### What you have to do
From the first line to the last, transcribe the data exactly and skip the pictures.

### Given data
Segment Open
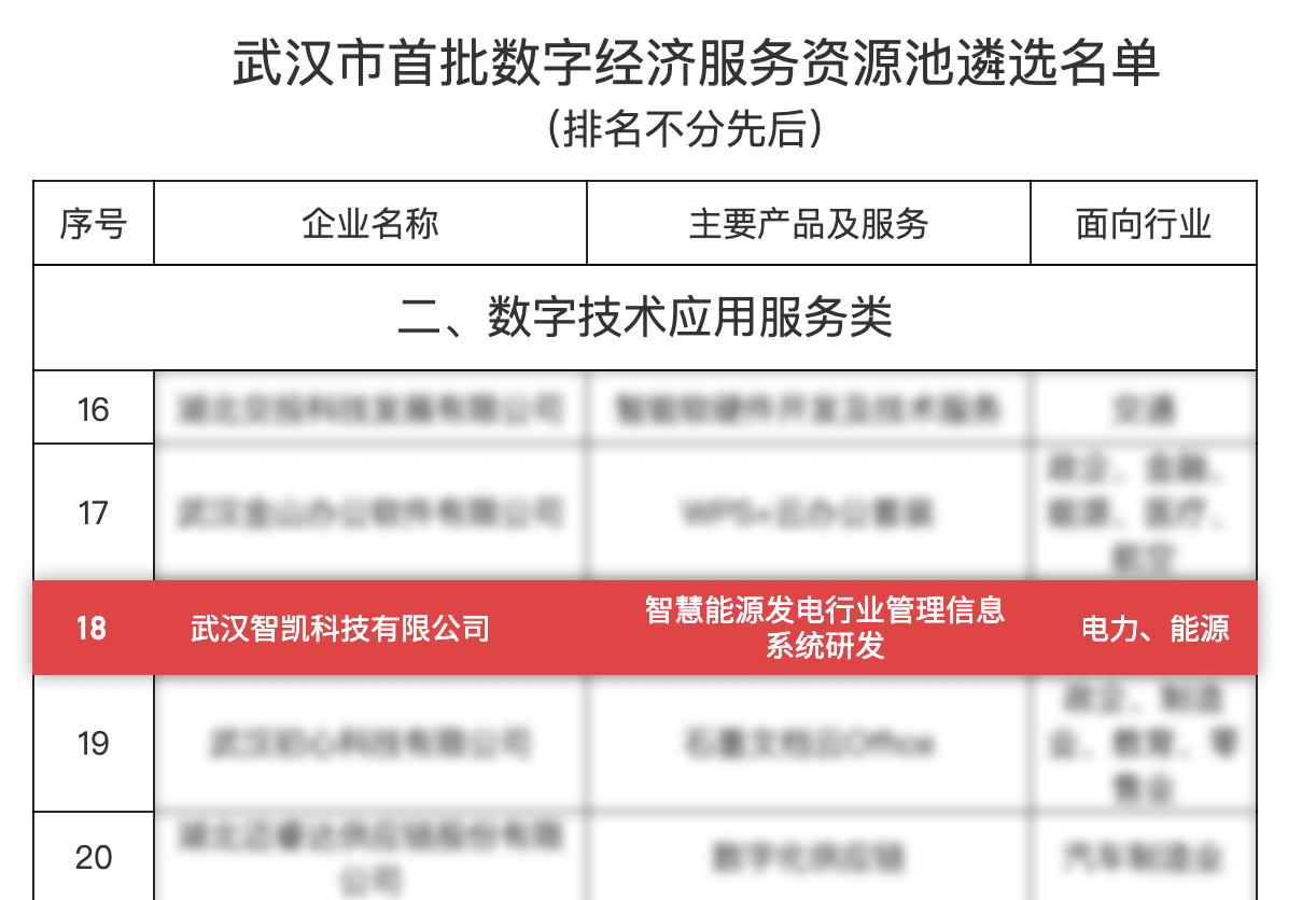 近日,武汉市经济和信息化局公布了“武汉首批数字经济服务资源池遴选评审结果”,武汉智凯科技有限公司上榜。
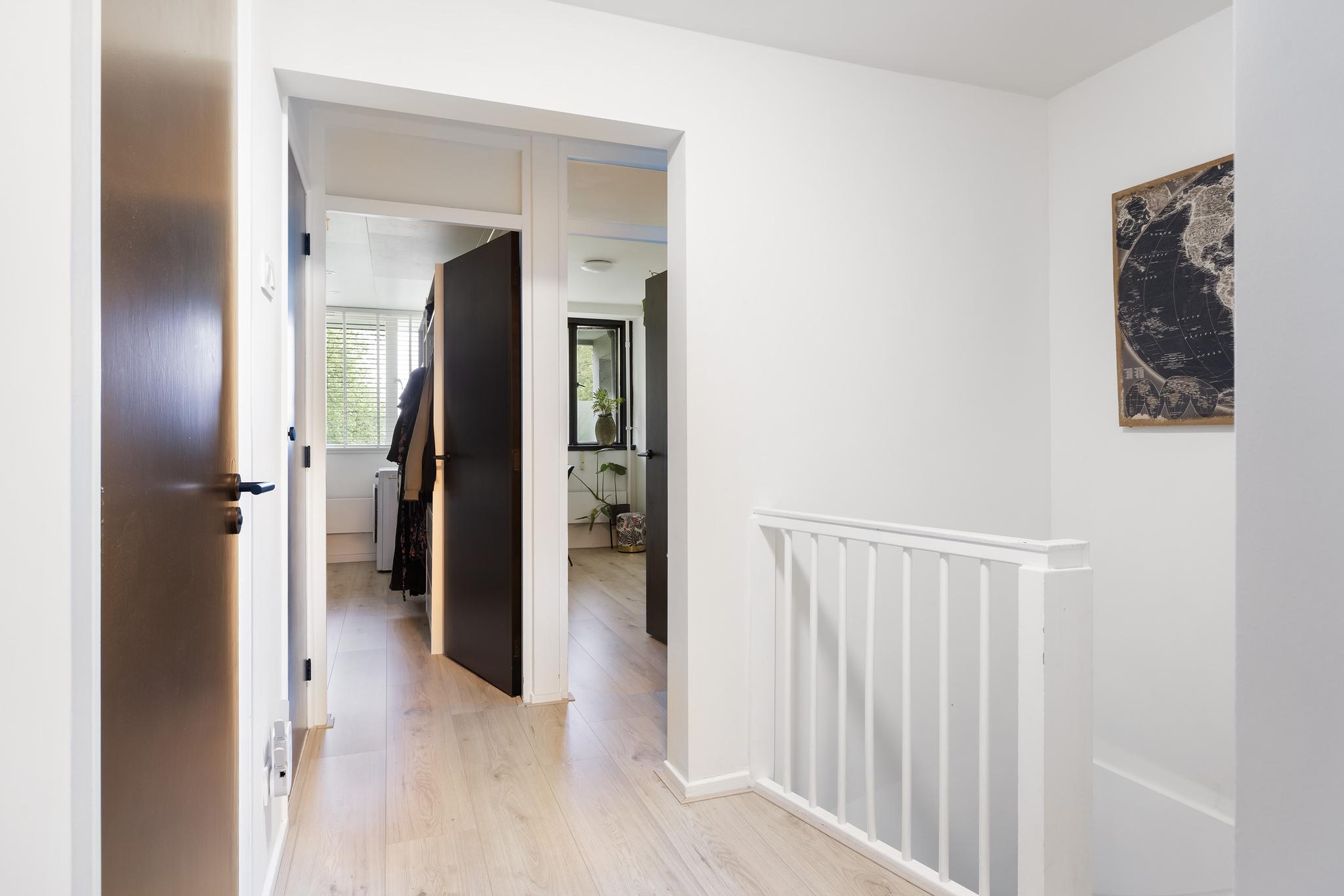 Overloop met toegang tot alle vertrekken. Ook hier valt weer op dat echt ALLES strak is, mooi stucwerk, nette laminaat vloeren, frisse badkamer, je kunt zien dat dit pas een paar jaar geleden nieuw geplaatst is.
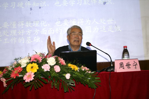 林院长致辞结束后,在全场热烈的掌声中,周世宁院士走上台,为我院研究生“安全科技论坛”揭幕,并为在场的老师与同学带来研究生“安全科技论坛”的首期学术报告。周院士以在书店购书时偶然看见的考题开场,认为“只要功夫深,铁球也能磨成针”,博得全场热烈的掌声与笑声同时,引人深思。新一批的诺贝尔奖获得者已经公布,为何又与中国无缘?周院士认为,我国应试教育限制了同学们的自主思考能力,致使同学们普遍缺乏创新意识。但他同时指出,盲目的创新同样是不可取的,学习是创新的基础,而创新则是学习的目的,两者密不可分。创新一旦失去对知识的真正理解的支撑,就会变成盲目的创新,像“永动机”一样站不住脚。在谈及学习的方法和技巧时,周院士更形象的将数理化等基础知识比作硬件,将人际关系比作软件,周院士强调,要真正学深学透学会硬件知识是十分不易的,所以我们应当恭恭敬敬的学习,千方百计的推敲,而仅仅学习硬件知识是远远不够的,软件知识也同样重要;对硬软件知识的全面学习,才是提高学习效率和做好工作的必要条件。为了让同学们更有效的提高学习和工作效率,周院士还向同学们分享了自己的“极限研究法”。周院士介绍说,运用极限判别法能在看似复杂的大系统中排除无关参数和次要参数,快速找出主要参数,深入研究,进而解决问题。在分享自身的成长经历时,周院士谈到,自己正是凭借“极限判别法”,才能在包头矿务局的一次地下矿井气压测量错误中快速找到原因并解决问题。周院士告诫同学们,不能满足于现在取得的一点成绩就停止钻研,应该多思考,多提问,边学边问,才能不断充实自我,取得更好成绩。在互动环节中,周院士不仅运用专业知识解决了许多困惑同学们许久的问题,更借回答提问的机会鼓励同学们在学习的道路上相信自己,刻苦学习,勇于创新!
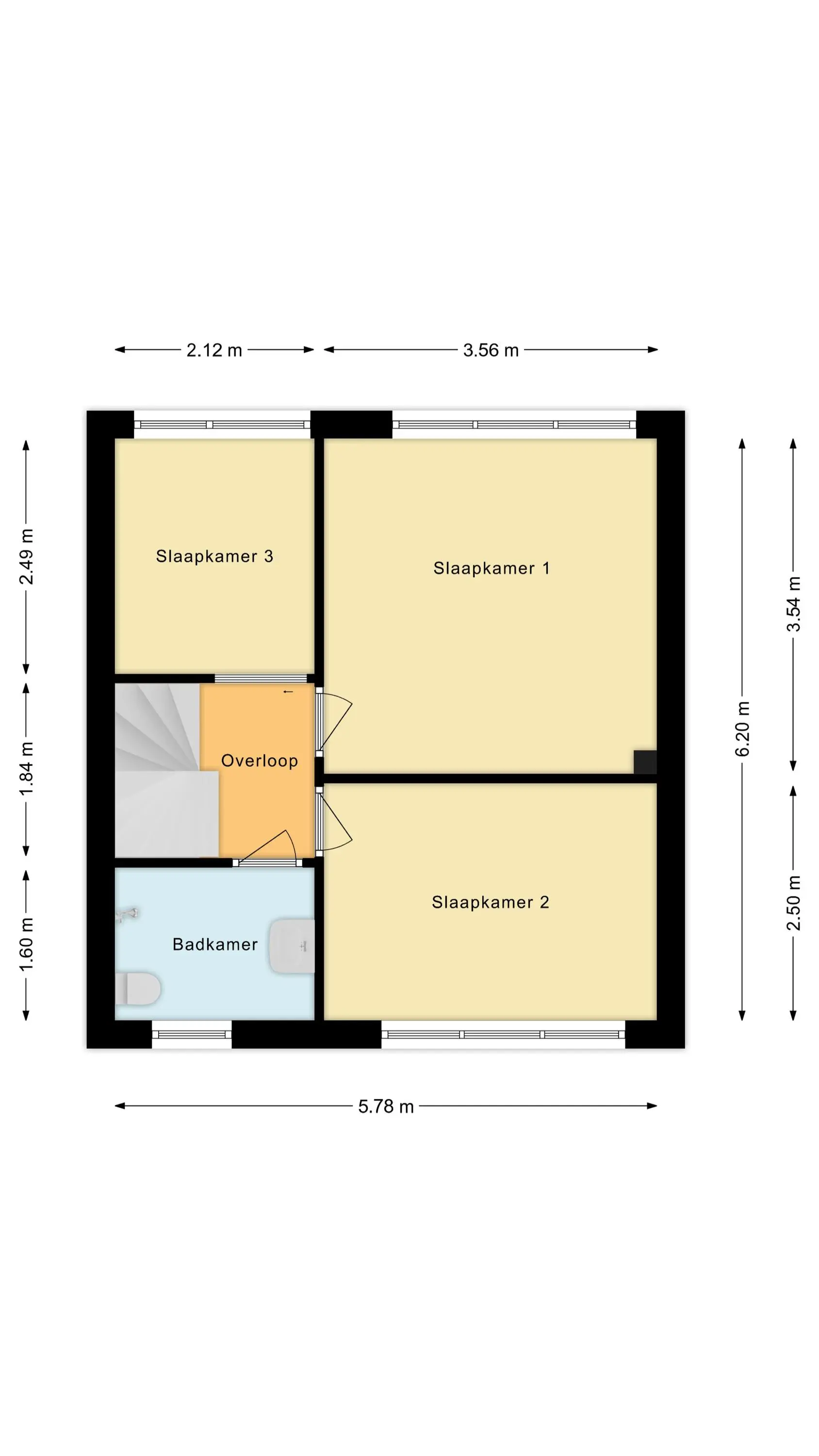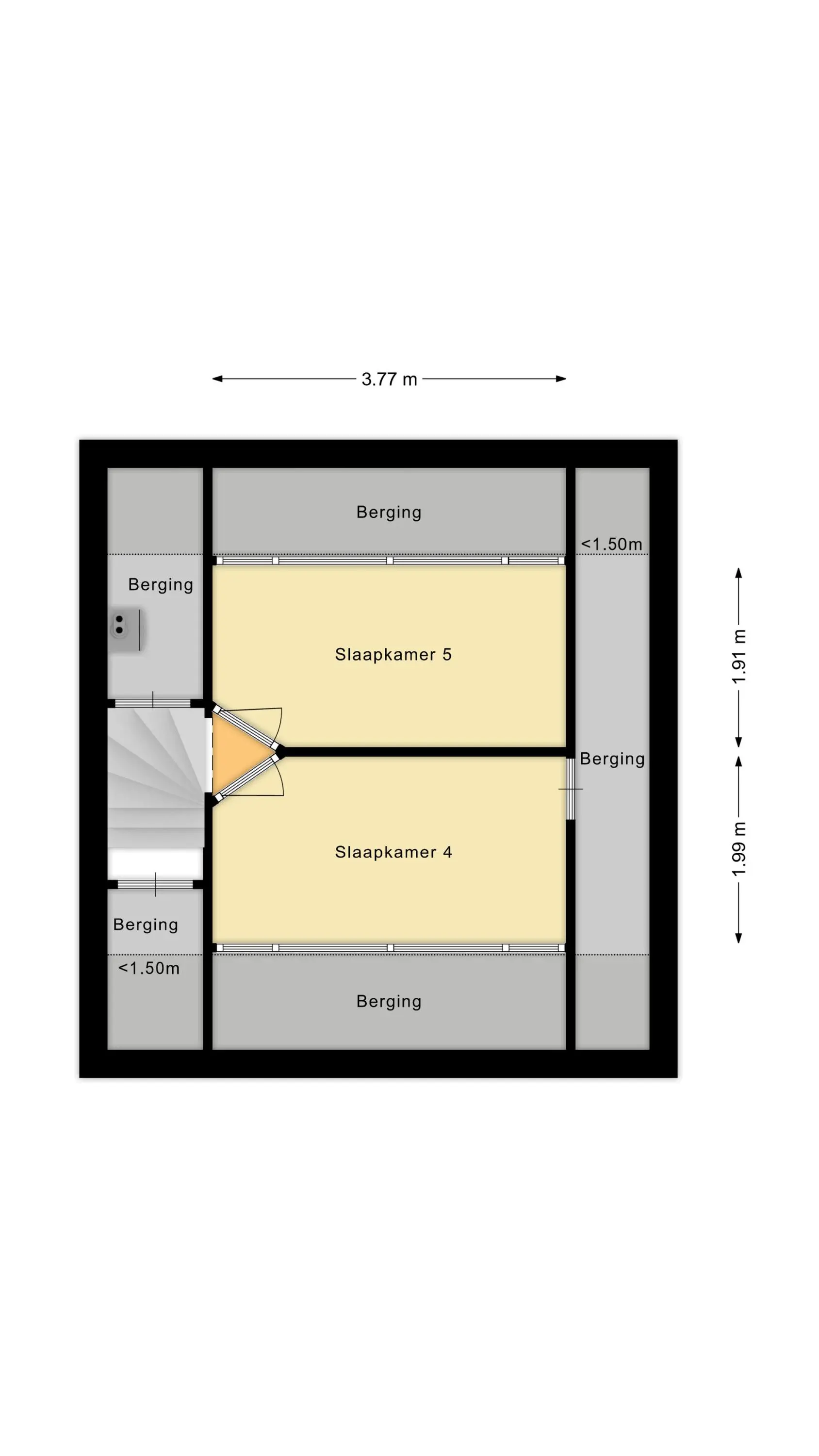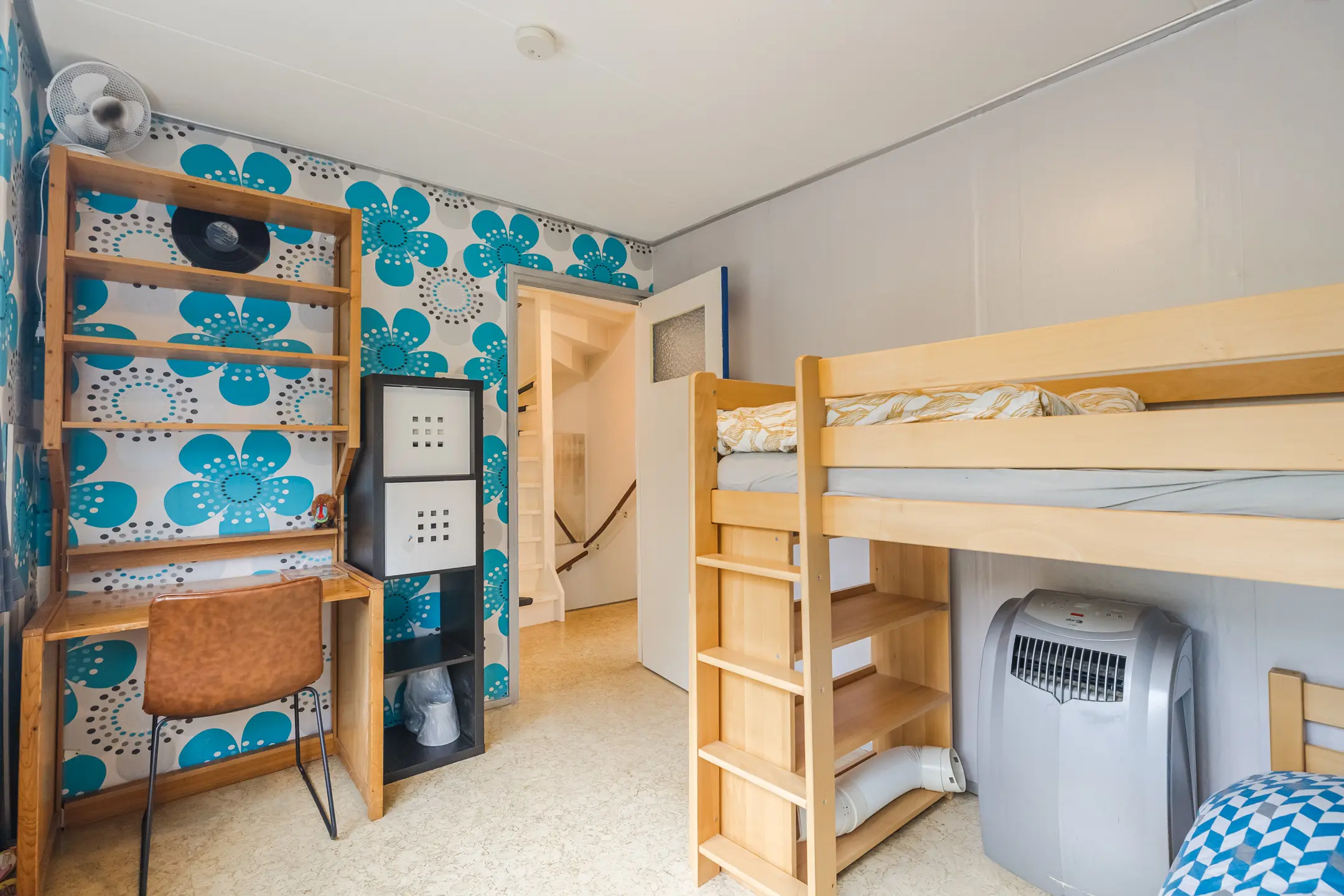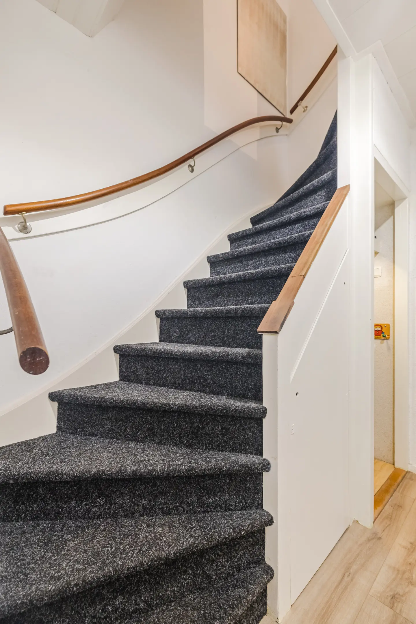 Via een vaste trap bereik je de overloop met cv-opstelling en extra bergruimte. Hier bevinden zich nog twee (slaap)kamers met dakopbouw.
Segment Closed
### Result below
 近日,武汉市经济和信息化局公布了“武汉首批数字经济服务资源池遴选评审结果”,武汉智凯科技有限公司上榜。
 Overloop met toegang tot alle vertrekken. Ook hier valt weer op dat echt ALLES strak is, mooi stucwerk, nette laminaat vloeren, frisse badkamer, je kunt zien dat dit pas een paar jaar geleden nieuw geplaatst is.
 林院长致辞结束后,在全场热烈的掌声中,周世宁院士走上台,为我院研究生“安全科技论坛”揭幕,并为在场的老师与同学带来研究生“安全科技论坛”的首期学术报告。周院士以在书店购书时偶然看见的考题开场,认为“只要功夫深,铁球也能磨成针”,博得全场热烈的掌声与笑声同时,引人深思。新一批的诺贝尔奖获得者已经公布,为何又与中国无缘?周院士认为,我国应试教育限制了同学们的自主思考能力,致使同学们普遍缺乏创新意识。但他同时指出,盲目的创新同样是不可取的,学习是创新的基础,而创新则是学习的目的,两者密不可分。创新一旦失去对知识的真正理解的支撑,就会变成盲目的创新,像“永动机”一样站不住脚。在谈及学习的方法和技巧时,周院士更形象的将数理化等基础知识比作硬件,将人际关系比作软件,周院士强调,要真正学深学透学会硬件知识是十分不易的,所以我们应当恭恭敬敬的学习,千方百计的推敲,而仅仅学习硬件知识是远远不够的,软件知识也同样重要;对硬软件知识的全面学习,才是提高学习效率和做好工作的必要条件。为了让同学们更有效的提高学习和工作效率,周院士还向同学们分享了自己的“极限研究法”。周院士介绍说,运用极限判别法能在看似复杂的大系统中排除无关参数和次要参数,快速找出主要参数,深入研究,进而解决问题。在分享自身的成长经历时,周院士谈到,自己正是凭借“极限判别法”,才能在包头矿务局的一次地下矿井气压测量错误中快速找到原因并解决问题。周院士告诫同学们,不能满足于现在取得的一点成绩就停止钻研,应该多思考,多提问,边学边问,才能不断充实自我,取得更好成绩。在互动环节中,周院士不仅运用专业知识解决了许多困惑同学们许久的问题,更借回答提问的机会鼓励同学们在学习的道路上相信自己,刻苦学习,勇于创新!
 Via een vaste trap bereik je de overloop met cv-opstelling en extra bergruimte. Hier bevinden zich nog twee (slaap)kamers met dakopbouw.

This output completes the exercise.